Requirement |
Leaving out pictures, output exactly the lines below from the one that has "[뉴스인스타 양철수기자] 12월" through the one that has "一款roguelike修仙游", and nothing else.

Data section |
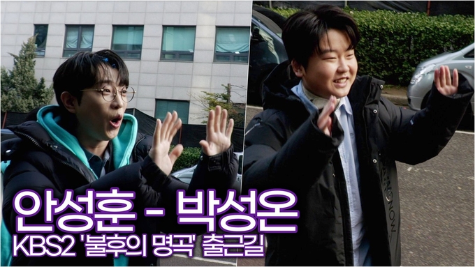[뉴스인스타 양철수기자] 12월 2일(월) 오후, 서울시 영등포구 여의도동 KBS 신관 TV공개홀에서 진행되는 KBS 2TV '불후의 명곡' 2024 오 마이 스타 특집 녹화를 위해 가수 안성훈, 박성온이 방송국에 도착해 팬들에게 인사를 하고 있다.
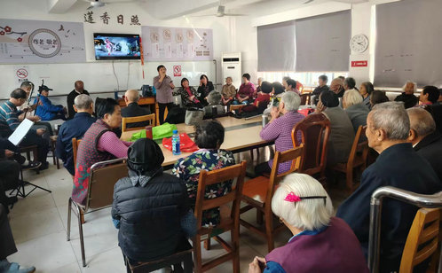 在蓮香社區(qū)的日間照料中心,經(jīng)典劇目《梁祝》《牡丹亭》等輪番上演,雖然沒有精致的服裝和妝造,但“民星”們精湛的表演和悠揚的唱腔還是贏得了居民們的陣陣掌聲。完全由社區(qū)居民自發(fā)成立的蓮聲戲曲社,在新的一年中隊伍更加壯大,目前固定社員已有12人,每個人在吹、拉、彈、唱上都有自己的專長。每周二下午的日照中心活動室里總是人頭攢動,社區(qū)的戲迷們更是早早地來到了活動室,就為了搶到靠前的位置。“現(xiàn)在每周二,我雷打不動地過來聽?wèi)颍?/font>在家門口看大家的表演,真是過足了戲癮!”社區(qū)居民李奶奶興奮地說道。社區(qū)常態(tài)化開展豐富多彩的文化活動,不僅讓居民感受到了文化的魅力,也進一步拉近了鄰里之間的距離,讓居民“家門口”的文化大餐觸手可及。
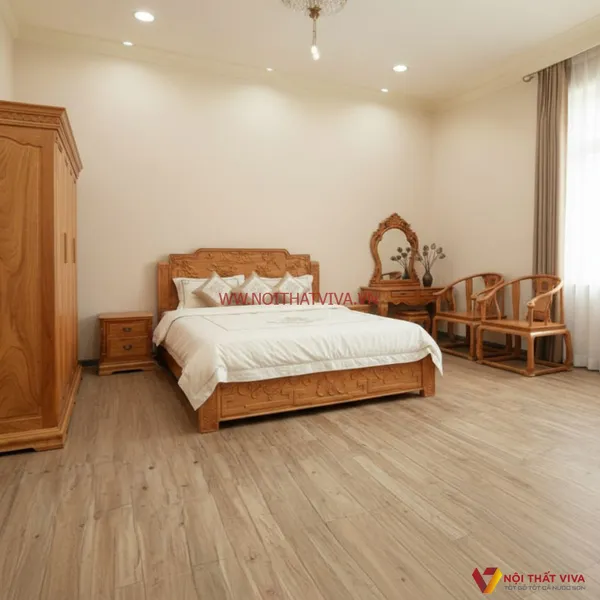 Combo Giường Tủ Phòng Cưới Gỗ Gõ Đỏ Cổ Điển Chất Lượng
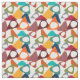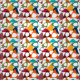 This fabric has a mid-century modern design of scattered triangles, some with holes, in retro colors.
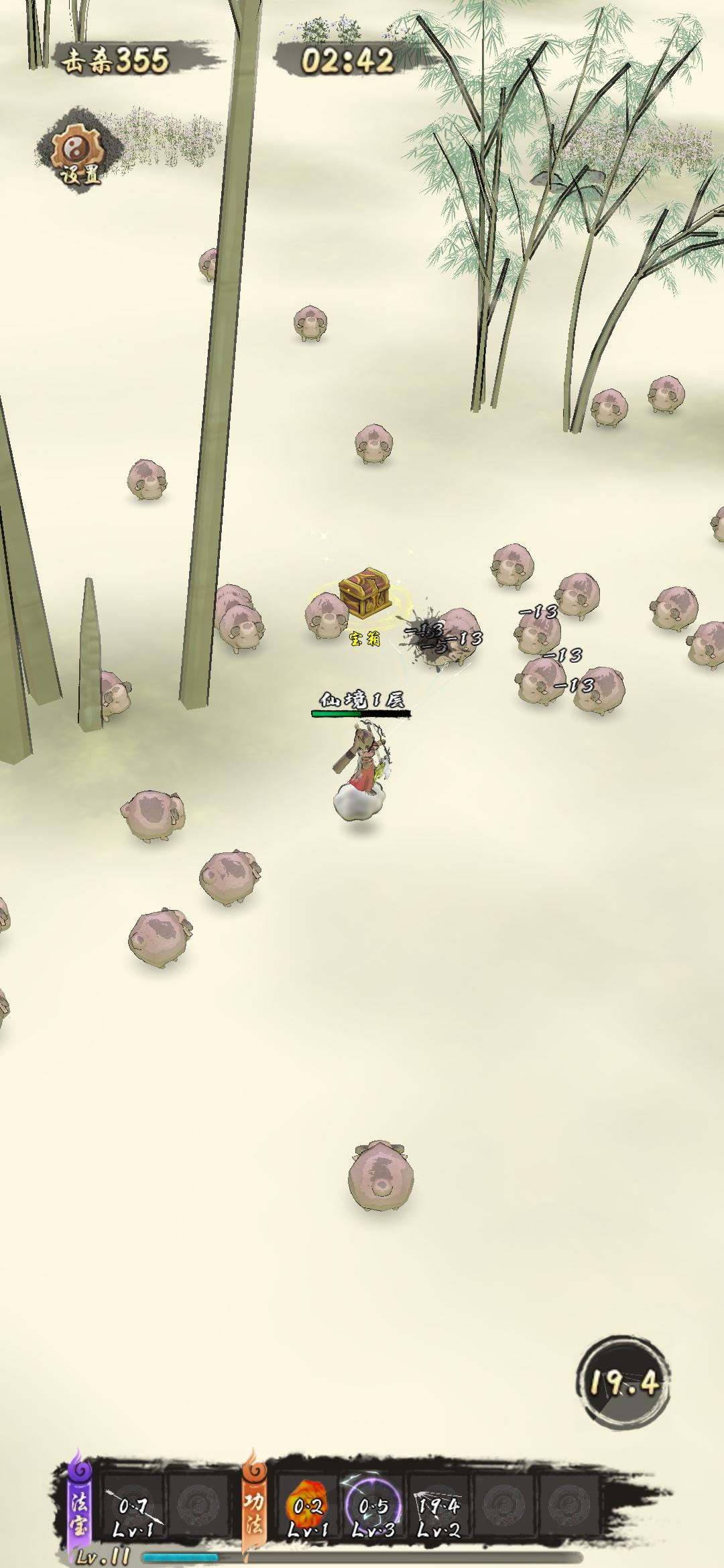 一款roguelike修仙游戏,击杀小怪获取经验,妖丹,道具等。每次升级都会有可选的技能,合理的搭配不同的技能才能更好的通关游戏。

--

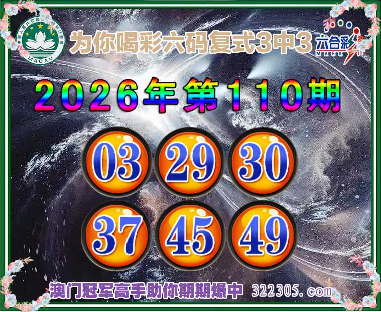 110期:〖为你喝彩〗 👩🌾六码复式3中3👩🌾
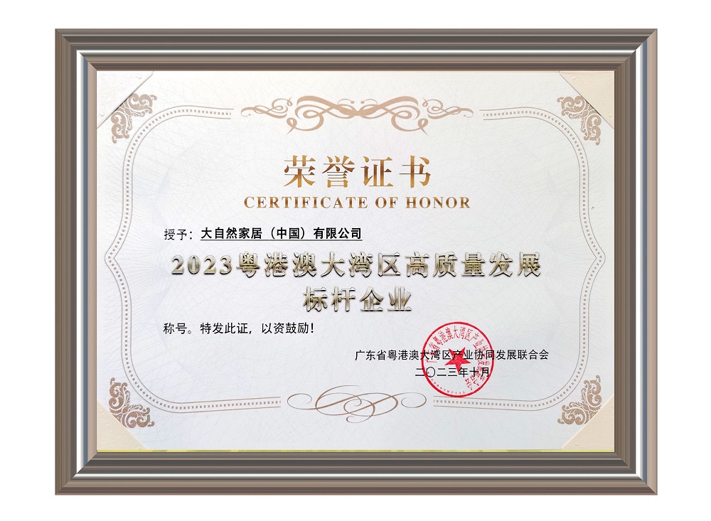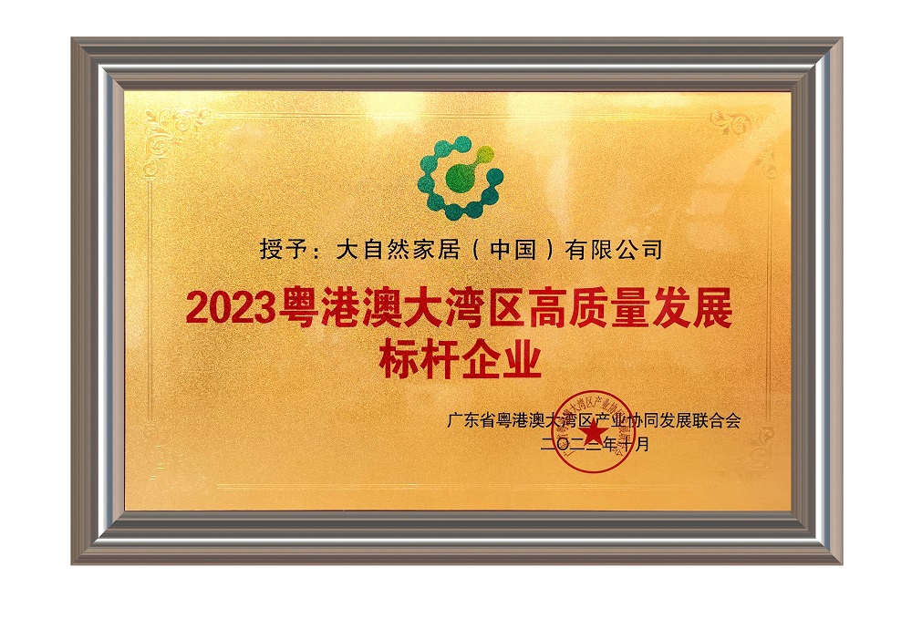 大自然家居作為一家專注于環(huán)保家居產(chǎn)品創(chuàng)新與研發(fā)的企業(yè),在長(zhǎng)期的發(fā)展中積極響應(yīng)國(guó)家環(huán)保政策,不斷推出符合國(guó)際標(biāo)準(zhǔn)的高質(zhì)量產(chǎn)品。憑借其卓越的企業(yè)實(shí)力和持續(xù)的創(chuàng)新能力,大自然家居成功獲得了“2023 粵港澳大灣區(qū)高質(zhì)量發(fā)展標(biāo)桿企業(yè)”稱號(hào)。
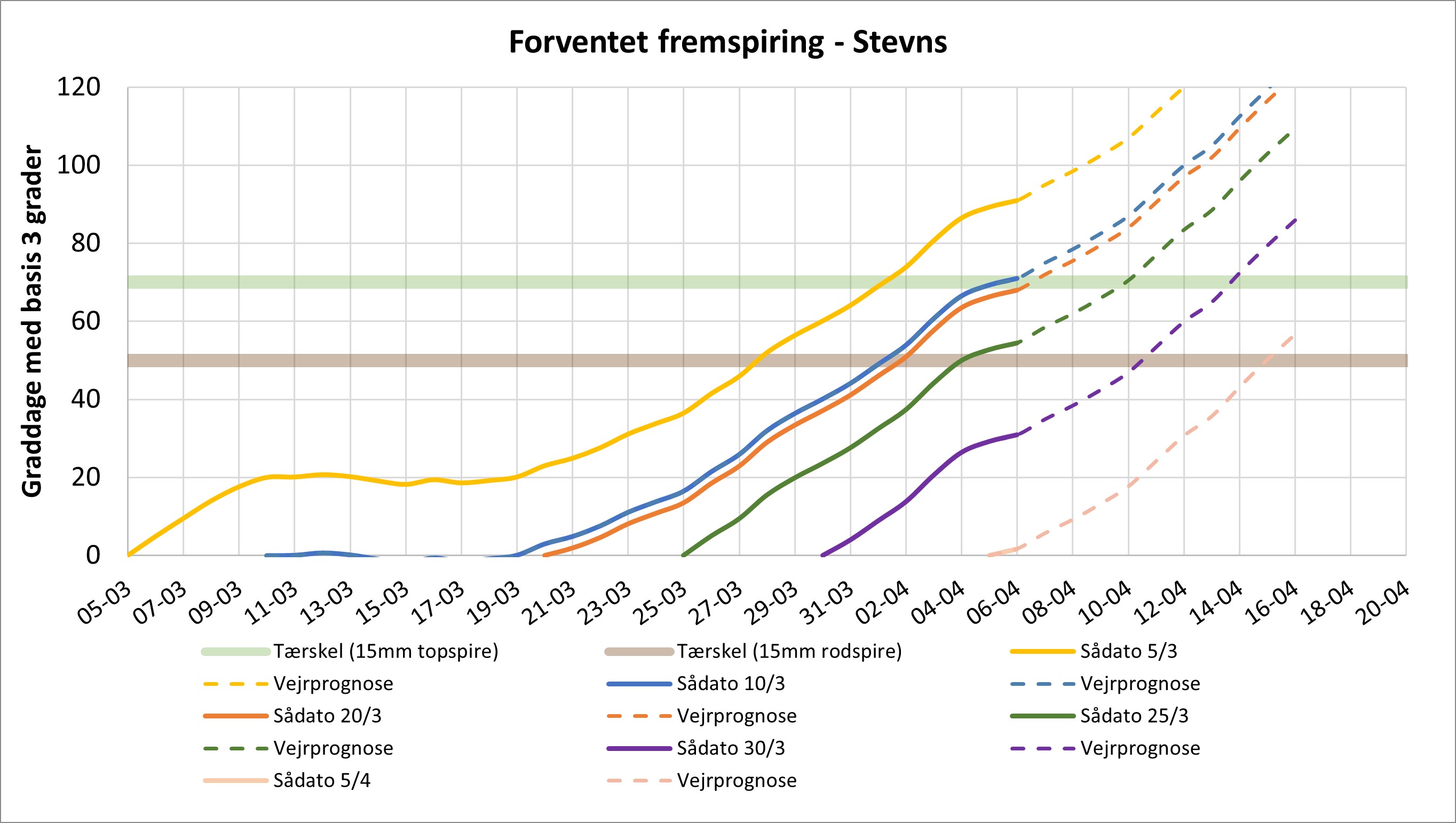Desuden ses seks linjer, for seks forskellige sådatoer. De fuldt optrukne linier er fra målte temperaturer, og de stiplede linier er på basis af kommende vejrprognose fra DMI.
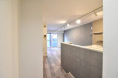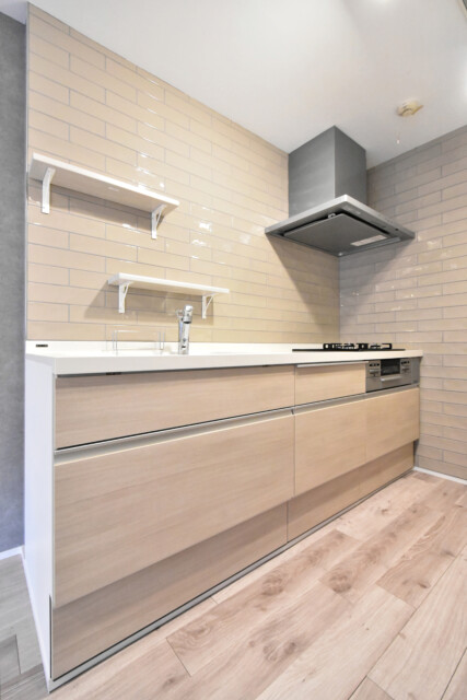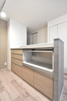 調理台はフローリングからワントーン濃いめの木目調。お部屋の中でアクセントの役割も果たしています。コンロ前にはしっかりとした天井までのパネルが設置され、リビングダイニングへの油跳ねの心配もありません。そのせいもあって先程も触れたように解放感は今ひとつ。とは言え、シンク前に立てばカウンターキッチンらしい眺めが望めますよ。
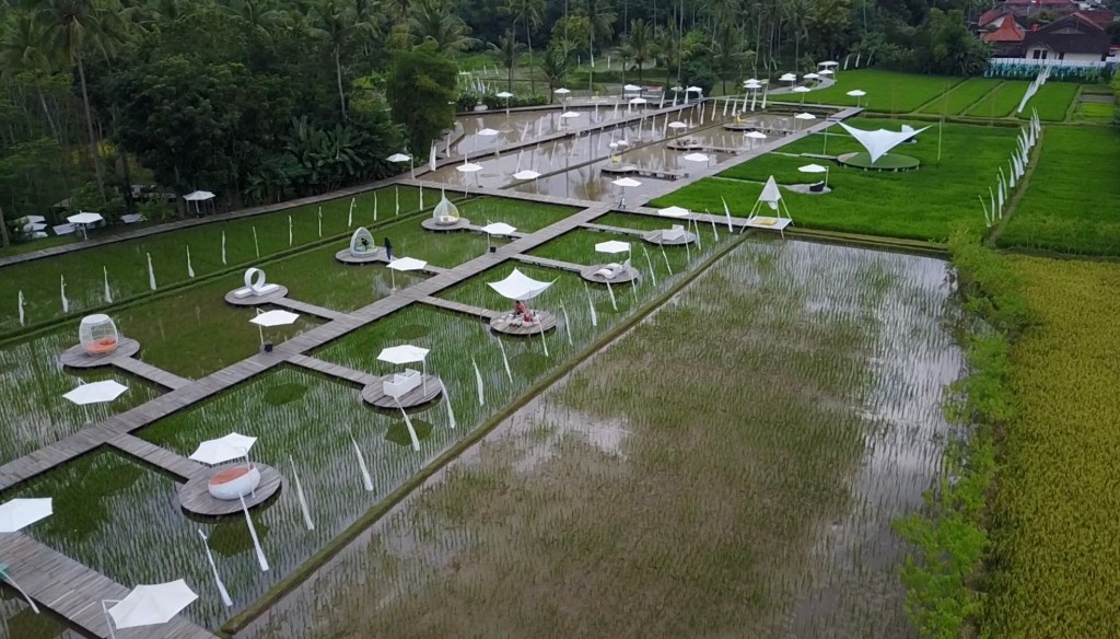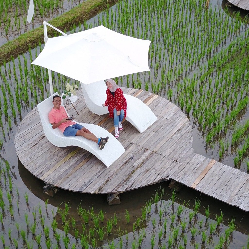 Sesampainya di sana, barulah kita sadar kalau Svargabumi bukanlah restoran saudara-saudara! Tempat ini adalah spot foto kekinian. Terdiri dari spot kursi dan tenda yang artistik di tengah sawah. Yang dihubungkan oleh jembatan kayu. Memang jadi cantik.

Task output |
[뉴스인스타 양철수기자] 12월 2일(월) 오후, 서울시 영등포구 여의도동 KBS 신관 TV공개홀에서 진행되는 KBS 2TV '불후의 명곡' 2024 오 마이 스타 특집 녹화를 위해 가수 안성훈, 박성온이 방송국에 도착해 팬들에게 인사를 하고 있다.
 在蓮香社區(qū)的日間照料中心,經(jīng)典劇目《梁祝》《牡丹亭》等輪番上演,雖然沒有精致的服裝和妝造,但“民星”們精湛的表演和悠揚的唱腔還是贏得了居民們的陣陣掌聲。完全由社區(qū)居民自發(fā)成立的蓮聲戲曲社,在新的一年中隊伍更加壯大,目前固定社員已有12人,每個人在吹、拉、彈、唱上都有自己的專長。每周二下午的日照中心活動室里總是人頭攢動,社區(qū)的戲迷們更是早早地來到了活動室,就為了搶到靠前的位置。“現(xiàn)在每周二,我雷打不動地過來聽?wèi)颍?/font>在家門口看大家的表演,真是過足了戲癮!”社區(qū)居民李奶奶興奮地說道。社區(qū)常態(tài)化開展豐富多彩的文化活動,不僅讓居民感受到了文化的魅力,也進一步拉近了鄰里之間的距離,讓居民“家門口”的文化大餐觸手可及。
 Combo Giường Tủ Phòng Cưới Gỗ Gõ Đỏ Cổ Điển Chất Lượng
 This fabric has a mid-century modern design of scattered triangles, some with holes, in retro colors.
 一款roguelike修仙游戏,击杀小怪获取经验,妖丹,道具等。每次升级都会有可选的技能,合理的搭配不同的技能才能更好的通关游戏。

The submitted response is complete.